In declassified U.S. government documents on the May 18 Democratic Uprising, which the Ministry of Foreign Affairs recently received from the Jimmy Carter Library, there is a document from the U.S. Embassy in South Korea to the U.S. State Department dated February 1, 1980, reporting on an anti-Chun Doo-hwan scheme inside the South Korean military. It also cites the real name of the person who gave the U.S. this information as General Rhee Bomb June for the first time. General Rhee is thought to be the deputy minister of defense industry in the defense ministry at the time, who was an older graduate (8th class graduate) of the Korean Military Academy than Chun Doo-hwan (11th class graduate).
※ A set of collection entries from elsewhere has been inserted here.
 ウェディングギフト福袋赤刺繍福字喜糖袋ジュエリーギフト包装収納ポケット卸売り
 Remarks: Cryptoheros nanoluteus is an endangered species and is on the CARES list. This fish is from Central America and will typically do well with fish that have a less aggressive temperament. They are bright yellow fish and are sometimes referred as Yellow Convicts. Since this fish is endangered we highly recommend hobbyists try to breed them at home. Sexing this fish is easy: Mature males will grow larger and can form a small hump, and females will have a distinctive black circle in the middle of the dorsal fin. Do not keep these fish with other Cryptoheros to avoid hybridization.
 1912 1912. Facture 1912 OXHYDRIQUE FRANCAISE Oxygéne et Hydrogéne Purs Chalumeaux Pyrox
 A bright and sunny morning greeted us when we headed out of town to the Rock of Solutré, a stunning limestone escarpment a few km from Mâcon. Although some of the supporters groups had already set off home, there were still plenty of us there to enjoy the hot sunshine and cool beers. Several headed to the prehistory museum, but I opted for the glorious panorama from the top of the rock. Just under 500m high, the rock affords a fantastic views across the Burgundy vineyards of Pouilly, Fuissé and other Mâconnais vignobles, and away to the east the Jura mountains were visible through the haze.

In the report, the U.S. Embassy stresses the need to clearly state the U.S. administration’s position to both Chun Doo-hwan and his opposing forces in connection to the tip from Rhee. The U.S. Embassy further mentions that the U.S. should clearly inform all parties that a group inside the military trying to return things to before the December 12 coup and another group (new military regime) trying to further strengthen its position and completely dominate the government would potentially bring disaster to South Korea.
The U.S. had negative views on the new military force’s attempt to seize power, but at the same time preferred to maintain the status quo. Thus, it appears the U.S. actually blocked an anti-Chun Doo-hwan movement inside the military. The Embassy further states that if they failed to reply to General Rhee, the silence could be interpreted as the U.S. turning a blind eye on the counter coup. The U.S. Embassy sought the approval of the State Department to deliver its position to General Rhee, telling him that the U.S. government would fiercely oppose any attempt by the commanders who seized power through the December 12 coup d’etat to further strengthen their position and try to dominate the civilian government. The U.S. administration also believed that other officers trying to return things back to before the December 12 coup would be just as dangerous.
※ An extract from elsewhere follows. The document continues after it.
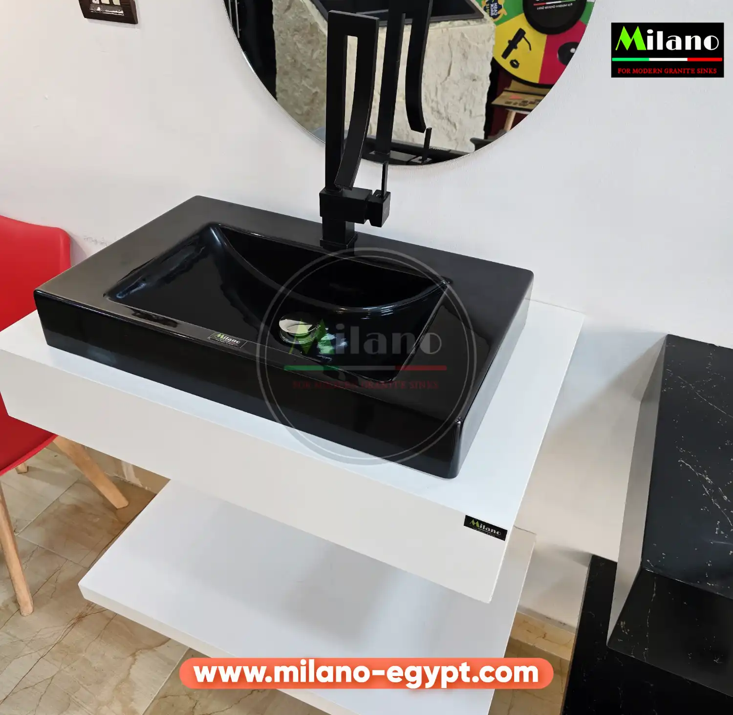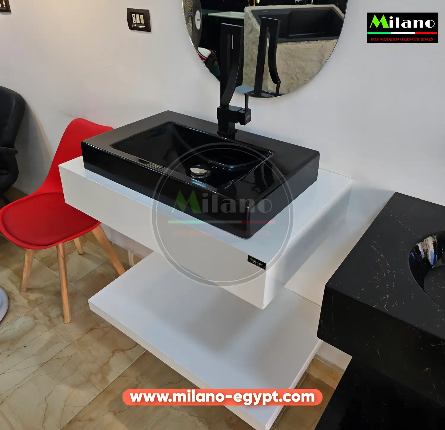 وحدة حمام فندقية بتصميم مودرن يجمع بين الوحدة البيضاء والحوض الأسود اللامع في تناسق راقٍ يضيف شخصية قوية لأي حمّام. مصنوعة من رخام صناعي بخامات أوروبية لضمان المتانة والفخامة.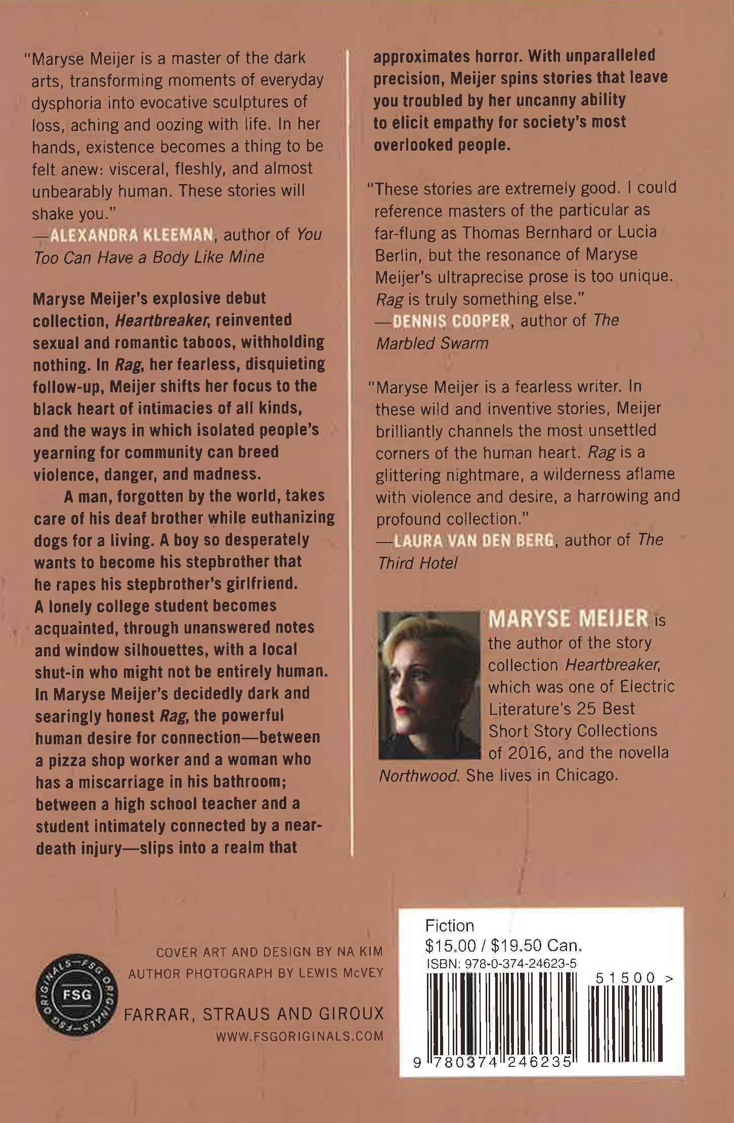 A man, forgotten by the world, takes care of his deaf brother while euthanising dogs for a living. A stepbrother so desperately wants to become his step-sibling that he rapes his girlfriend. In Maryse Meijer’s decidedly dark and searingly honest collection Rag, the desperate human desire for connection slips into a realm that approximates horror. Meijer’s explosive debut collection, Heartbreaker, reinvented sexualised and romantic taboos, holding nothing back. In Rag, Meijer’s fearless follow-up, she shifts her focus to the dark heart of intimacies of all kinds, and the ways in which isolated people’s yearning for community can breed violence, danger, and madness. With unparalleled precision, Meijer spins stories that leave you troubled and slightly shaken by her uncanny ability to elicit empathy for society’s most marginalised people.

The U.S. Embassy also asked the State Department for instructions to share the fact that the U.S. firmly warned Chun Doo-hwan and his opposing forces to President Choi Kyu-hah. The report also described General Rhee’s tip stating that the details were reliable, but that they could have been distorted when conveyed.
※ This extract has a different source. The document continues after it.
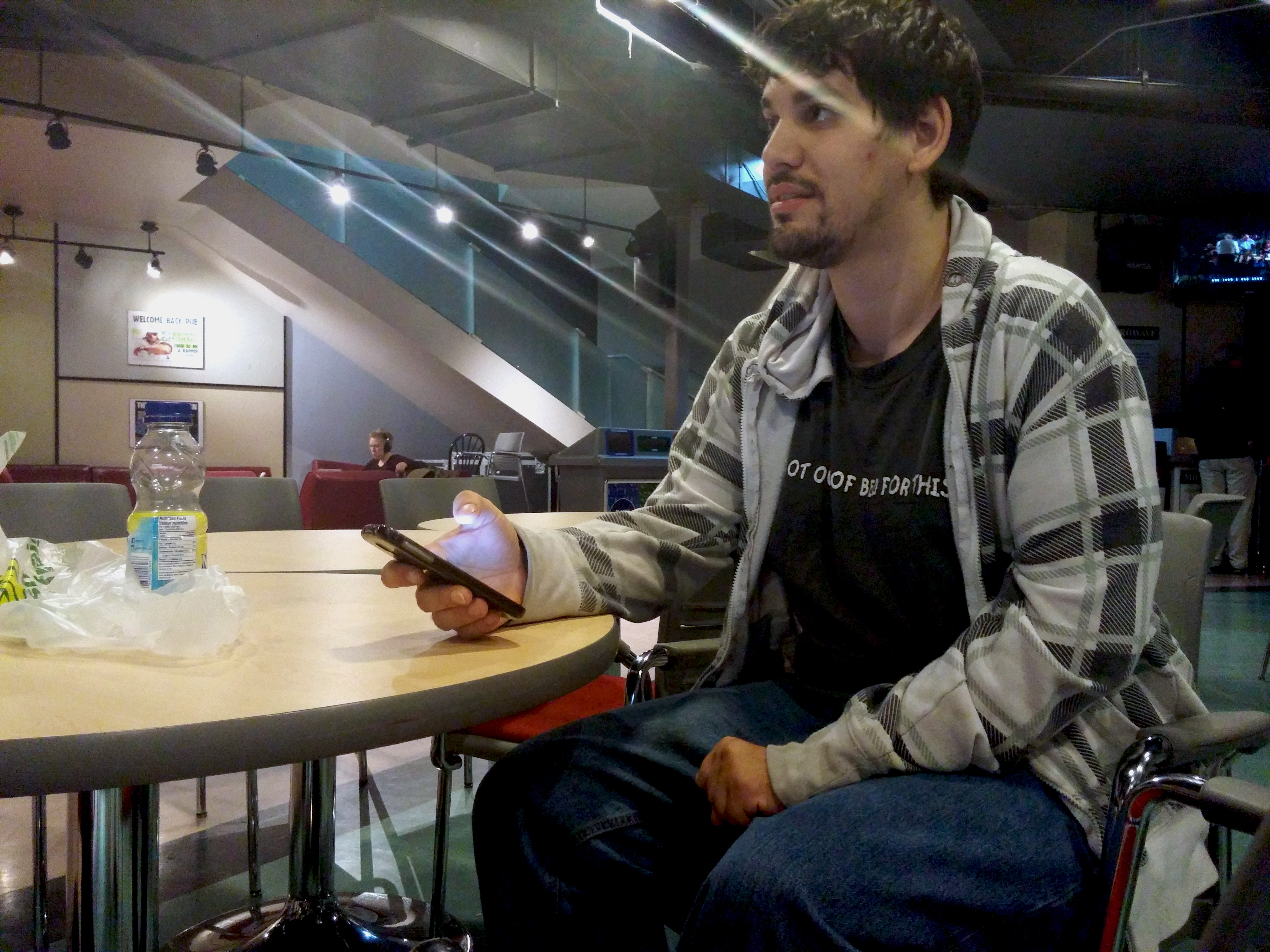 Second-year Television and New Media student Richie Perry unwinds in the Shark Tank between classes. He is one of many students here at Loyalist College with a disability. Photo by Sean Cann-Sheppard, QNet News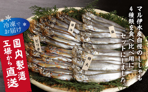 内容量:塩ししゃも(350gx1箱)・特大ししゃも(420gx1箱)・ピリ辛ししゃも(420gx1箱)・醤油ししゃも(420gx1箱)

The documents that the Jimmy Carter Library provided (206 pages) included a memorandum from the White House National Security Council (NSC) on May 8, 1980 stating that a serious clash between students and the government was expected on May 15, 1980 in Seoul and that Chun Doo-hwan had already relocated 2-3 airborne brigades. The document named Chun Doo-hwan as the actual person who gave orders to move the airborne units, suggesting that the U.S. may have concluded that Chun Doo-hwan had complete command over the military.
The public can see the declassified documents at the May 18 Democratic Uprising Archives website.